If the coefficients of $$x$$ and $$x^2$$ in $$(1 + x)^p(1 - x)^q$$ are 4 and -5 respectively, then $$2p + 3q$$ is equal to

To determine 2p + 3q, consider the expansion of (1+x)p (1−x)q up to the x² term, given that the coefficient of x is 4 and that of x² is −5.

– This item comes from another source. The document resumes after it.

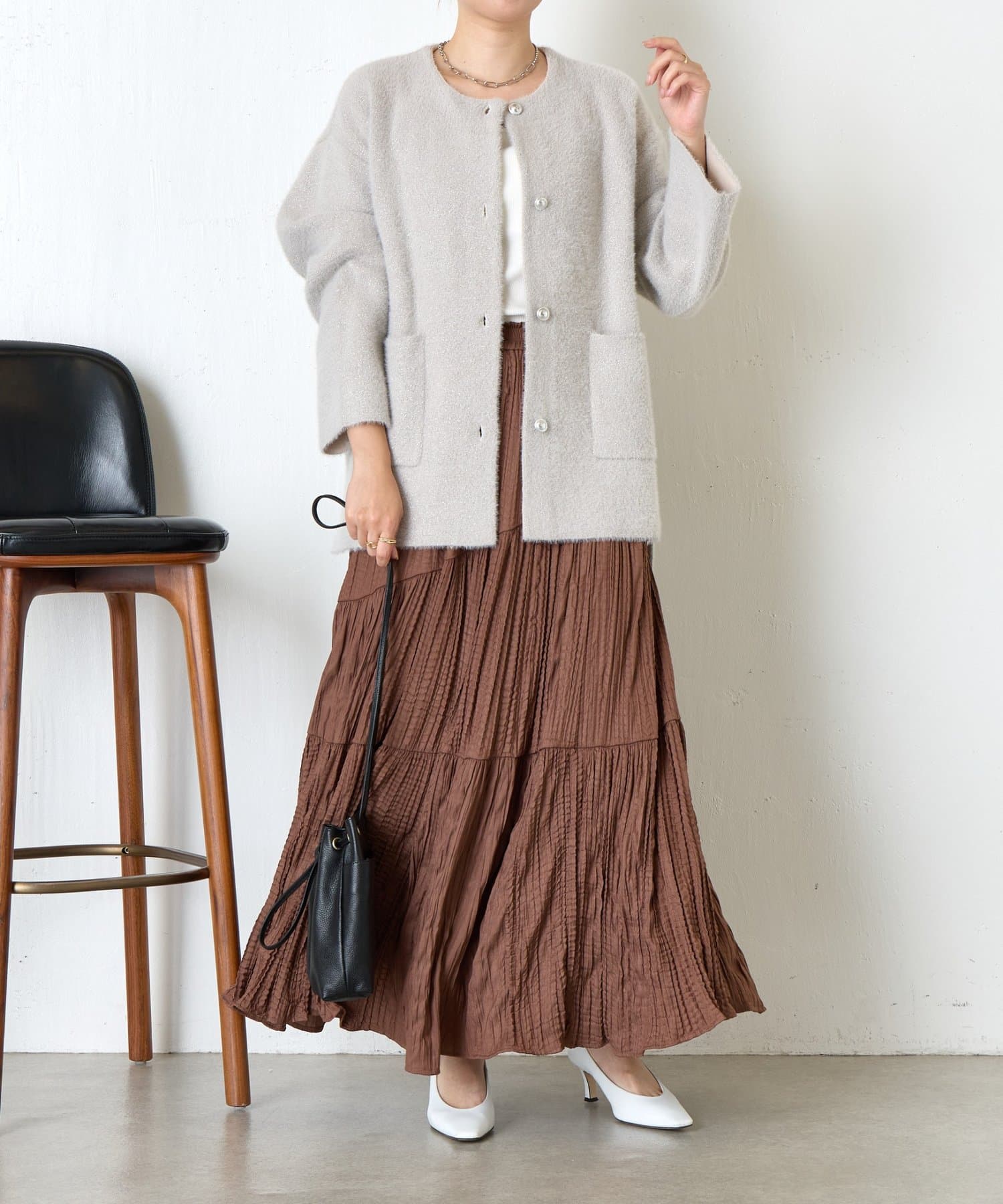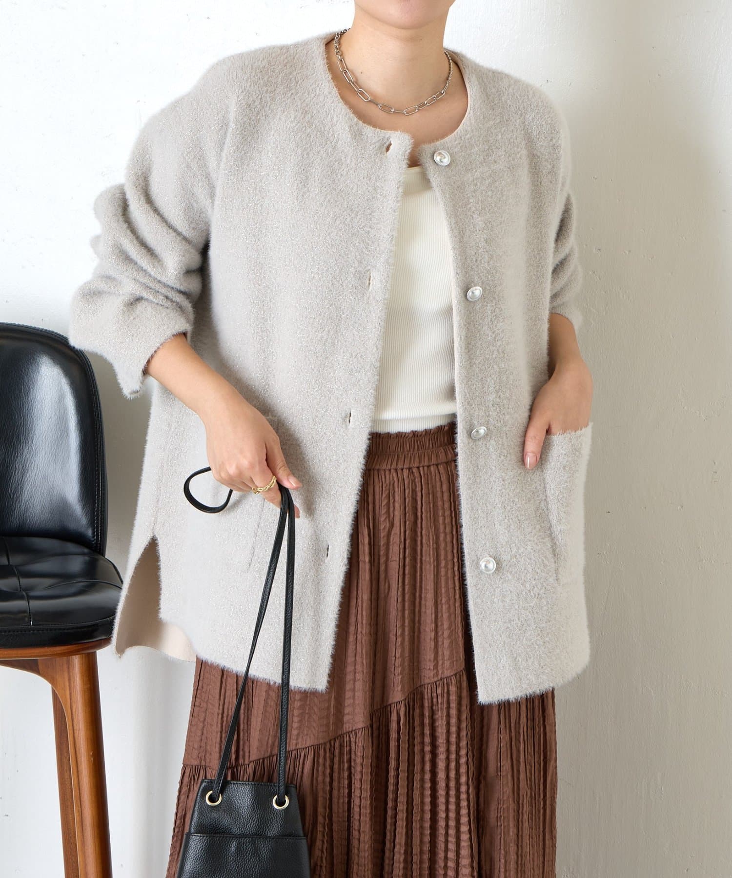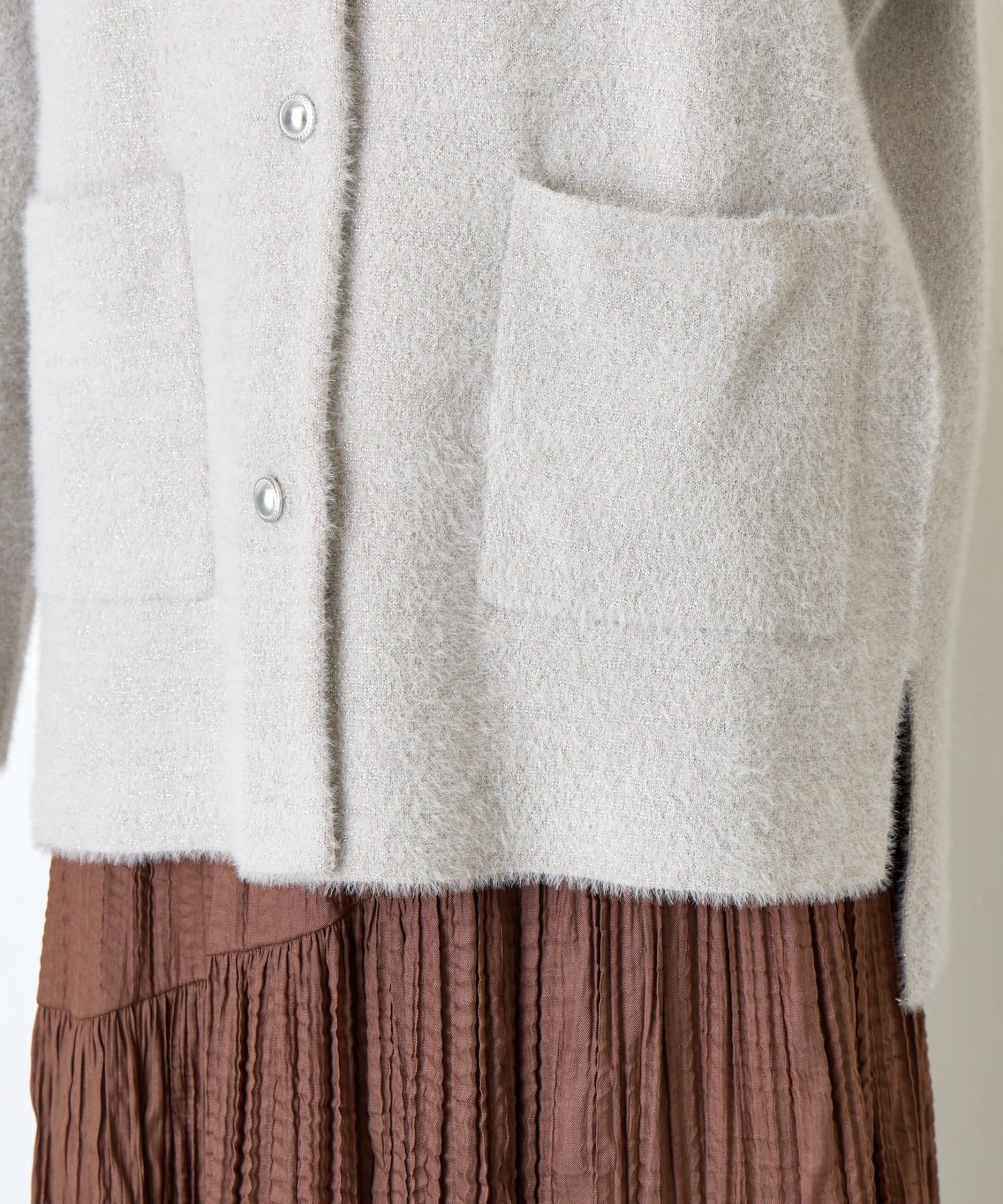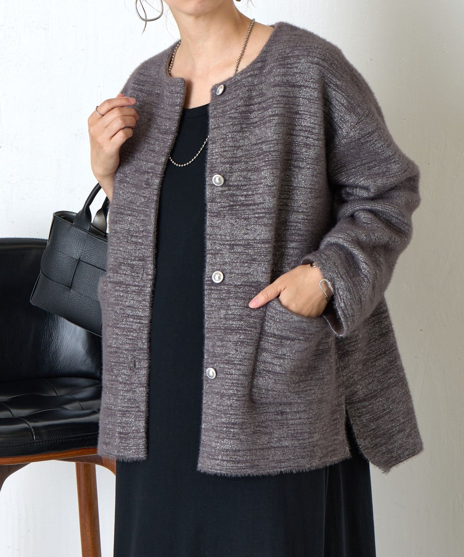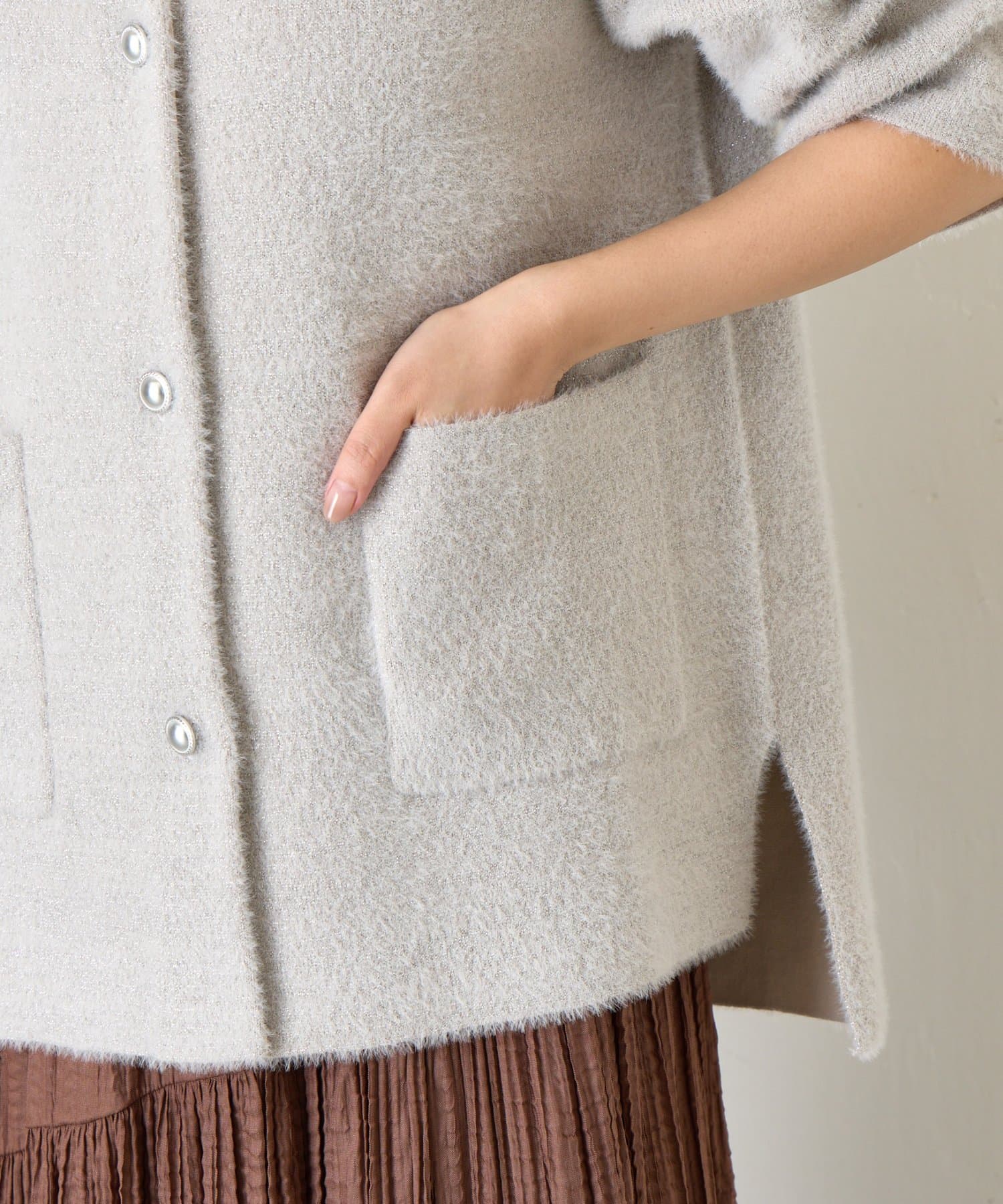 ・コーディネートを華やかにしてくれる、ふわっと柔らかな肌触りのシャギージャケット。

Using the binomial theorem gives $$(1+x)^p = 1 + px + \frac{p(p-1)}{2}x^2 + \cdots$$ $$(1-x)^q = 1 - qx + \frac{q(q-1)}{2}x^2 + \cdots$$ Multiplying these series and collecting terms up to x² leads to an x-coefficient of $$p \cdot 1 + 1 \cdot (-q) = p - q,$$ so $$p - q = 4.$$

The coefficient of x² arises from three contributions: $$\frac{p(p-1)}{2} \cdot 1 + p \cdot (-q) + 1 \cdot \frac{q(q-1)}{2} = \frac{p(p-1)}{2} - pq + \frac{q(q-1)}{2} = \frac{p^2 - p + q^2 - q - 2pq}{2} = \frac{(p-q)^2 - (p+q)}{2},$$ and this must equal −5: $$\frac{(p-q)^2 - (p+q)}{2} = -5.$$

Since p − q = 4 implies (p − q)² = 16, substitution gives $$\frac{16 - (p+q)}{2} = -5 \quad\Longrightarrow\quad 16 - (p+q) = -10 \quad\Longrightarrow\quad p + q = 26.$$

Solving the system $$p - q = 4$$ $$p + q = 26$$ by addition gives 2p = 30, hence p = 15, and by subtraction gives 2q = 22, hence q = 11. Substituting these into 2p + 3q yields $$2p + 3q = 2(15) + 3(11) = 30 + 33 = 63.$$

The correct answer is Option 4: 63.